Goodwill and Intangible Assets, Policy [Policy Text Block]

Intangibles and Goodwill

 

The Company accounts for goodwill and other intangible assets in accordance with ASC Topic 350, Goodwill – Intangibles and Other (“ASC 350”) and has concluded that it has one operating segment and one reporting unit for purposes of goodwill impairment testing. Goodwill is not amortized but instead tested for impairment (i) on at least an annual basis and (ii) when changes in circumstances indicate that it is more likely than not that the fair value of a reporting unit may be below its carrying value. These circumstances include, but are not limited to, significant changes in performance relative to expected operating results; significant changes in the use of the assets; significant negative industry or economic trends; a significant decline in the Company’s stock price for a sustained period of time; and changes in the Company’s planned revenue or earnings. Management evaluates the recoverability of the Company’s goodwill annually on October 31 or more often as events or circumstances indicate the fair value of a reporting unit is below its carrying value, including goodwill. If the fair value of a reporting unit is less than its carrying value, an impairment loss is recorded to the extent that the reporting unit carrying amount exceeds the estimated fair value of the reporting unit.

 

Management evaluates the recoverability of the Company’s indefinite-lived intangible assets (tradenames) annually on October 31, or more often when events or circumstances indicate a potential impairment exists.

 

Management evaluates the recoverability of the Company’s finite-lived intangible assets and other long-lived assets when events or circumstances indicate a potential impairment exists. In determining if impairment exists, the Company estimates the undiscounted cash flows to be generated from the use and ultimate disposition of these assets or asset groups that contain those assets. If impairment is indicated based on a comparison of an asset group’s carrying values and the undiscounted cash flows, the impairment loss is measured as the amount by which the carrying amount of the asset group exceeds the fair value of the asset group.

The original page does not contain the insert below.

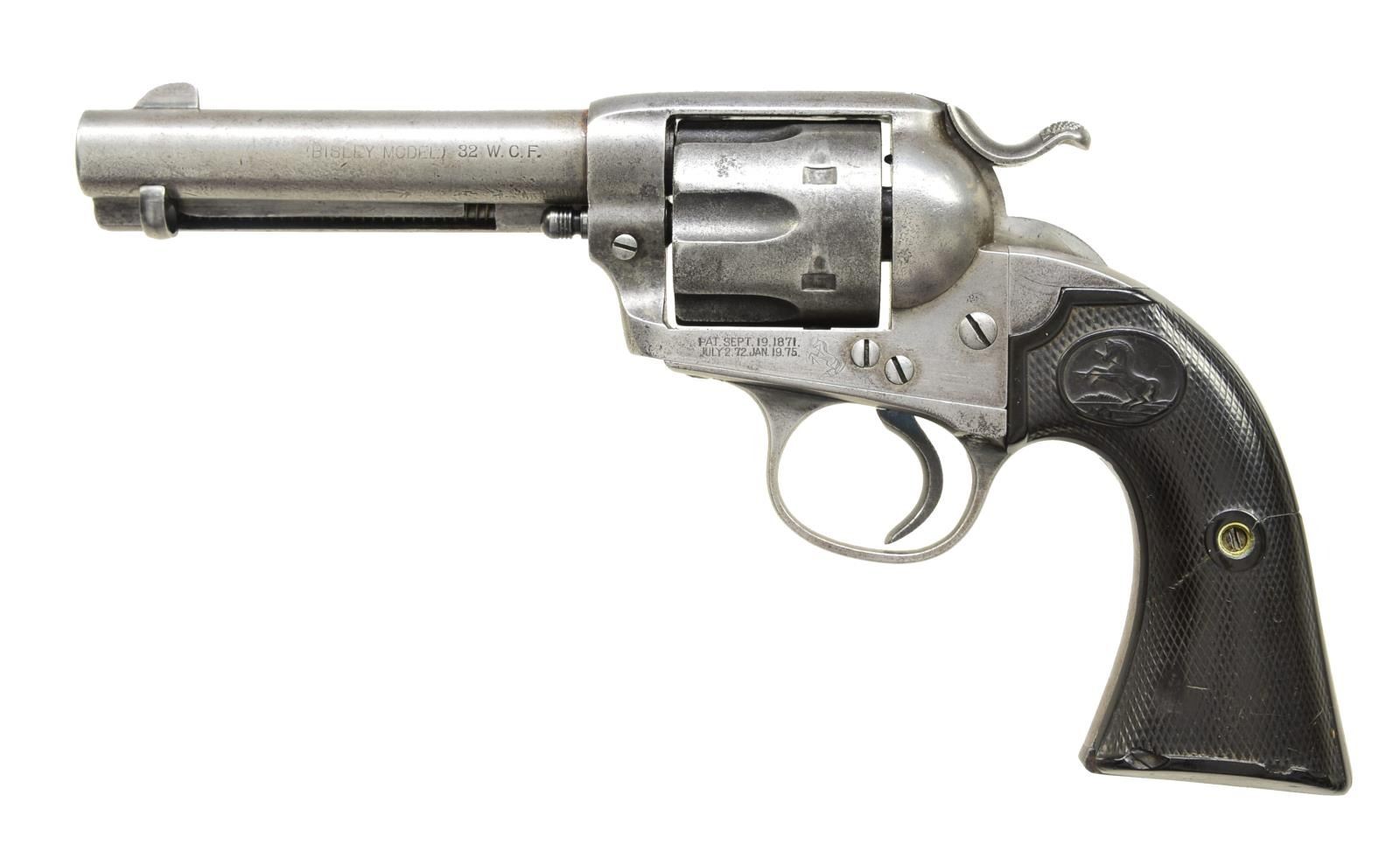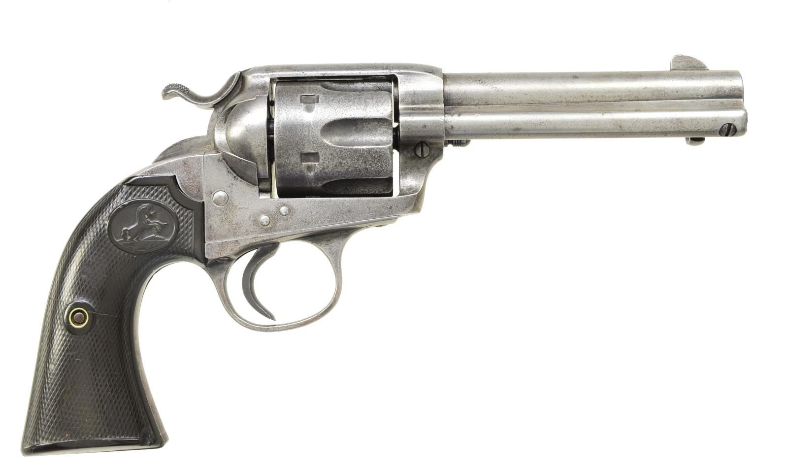 Cal. 32 WCF (32-20). S# 209723. Bbl. 4 3/4" w/ blade sight. 6 Shot fluted cyl. 2 Piece checkered hard rubber Rampant Colt grips. 1901 Mfg. CONDITION: metal finish has cleaned gray appearance showing scattered light pitting. Grips have worn checkering w/ chips near butt, both panels are cracked through attachment screw area. Action exhibits some wear. Dark bore w/ scattered pitting. PROVENANCE: The Estate of Richard Willman. (20-2347/DS). CURIO. $1,000-1,500.

New Accounting Pronouncements, Policy [Policy Text Block]

Recently Issued Accounting Pronouncements

 

In November 2023, the Financial Accounting Standards Board issued Accounting Standards Update (ASU) 2023-07, Segment Reporting (Topic 280): Improvements to Reportable Segment Disclosures. The ASU expands public entities’ segment disclosures by requiring disclosure of significant segment expenses that are regularly provided to the chief operating decision maker and included within each reported measure of segment profit or loss, an amount and description of its composition for other segment items, and interim disclosures of a reportable segment’s profit or loss and assets. All disclosure requirements under ASU 2023-07 are also required for public entities with a single reportable segment. The ASU is effective for the Company’s Annual Report on Form 10-K for the fiscal year ended December 31, 2024, and subsequent interim periods, with early adoption permitted. The Company is currently evaluating the impact of adopting this ASU on its consolidated financial statements and disclosures and expects that it will result in additional disclosures.